The more significant scientific contributions of Francis Johnson
have been in three areas, namely stereochemistry, the structure
and synthesis of natural products and the chemistry of DNA
damage and repair. In the field of molecular structure, Dr. Johnson
advanced a theory of conformational behavior of unsaturated
compounds called “Allylic Strain” that covers many areas of chemistry and biology. The principal
review article describing these ideas is one of the most quoted papers in the organic chemical
literature. In area of natural products, Dr. Johnson is best known for his work on the glutarimide
antibiotics such as cycloheximide, the antitumor anthracyclines, thermorubin, avenaciolide, the
prostaglandins and bleomycin. In the course of this work two new reactions were discovered,
one involving the anionic rearrangement of aryl acetylenic ethers and the other, a new type of
condensation reaction between alkyl benzoates and benzyl cyanides, substances that have
been known for more than 150 years---new chemistry from ancient compounds.

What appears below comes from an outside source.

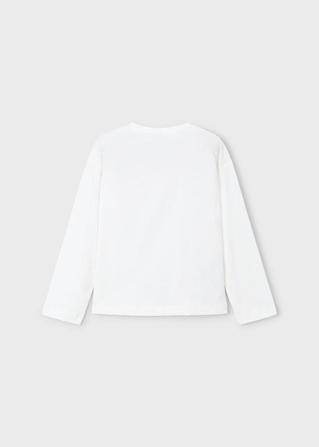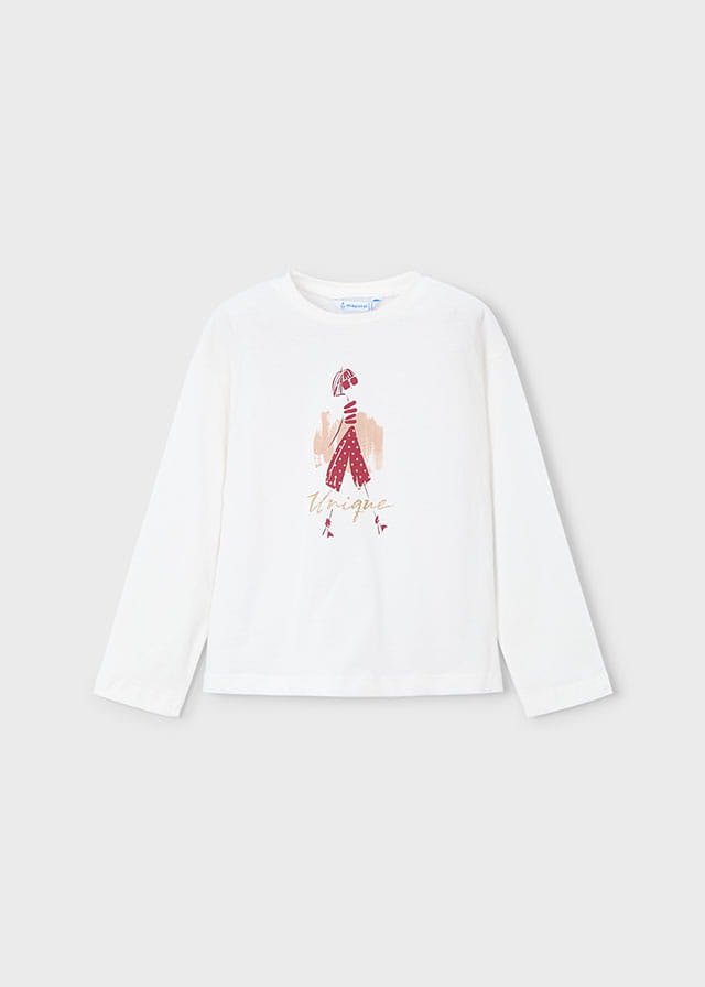 Bluzka z długim rękawem dziewczynki. Okrągły dekolt, krój prosty. Ubranko wykonane z bawełny delikatnej i przyjemnej w dotyku.

Dr. Johnson is
the author or co-author of more than three-hundred publications in peer-reviewed journals.
However, DNA damage and its repair have occupied much of the time that he has spent at
Stony Brook. In this area his efforts have been devoted mainly to the synthesis of abnormal
DNA nucleosides (xenonucleosides) that represent either xenobiotic, oxidative, or radiation
damage. He first introduced the now popular “tetrahydrofuran” as a stable abasic site model and
demonstrated the use of the “carba” nucleosides as non-hydrolysable substrates for DNA repair
enzymes especially those associated with oxidative damage. Dr. Johnson was also the first to
devise general totally synthetic methods for the site-specific introduction into DNA, of the
damage caused by a) the unsaturated aldehydes such as acrolein, b) the carcinogenic amines
including the food mutagen PhIP, and c) the polyaromatic hydrocarbons(PAHs), specifically the
most carcinogenic metabolites of benzo[a] pyrene – the principle pro-carcinogen in tobacco
smoke.
More recently his research has focused on the highly nephrotoxic and carcinogenic Aristolochic
Acids (AAs). These are naturally-occurring plant substances, found in many herbal products
that have been in use for thousands of years. Recently it has been recognized that their chronic
use leads to death by kidney failure and/or cancer development. Both of the DNA adducts
formed by AAII have been synthesized and introduced into oligomeric DNA in his laboratory, for
biological studies by other team members. In addition, a general method of synthesis of these
substances and their metabolic products has been developed.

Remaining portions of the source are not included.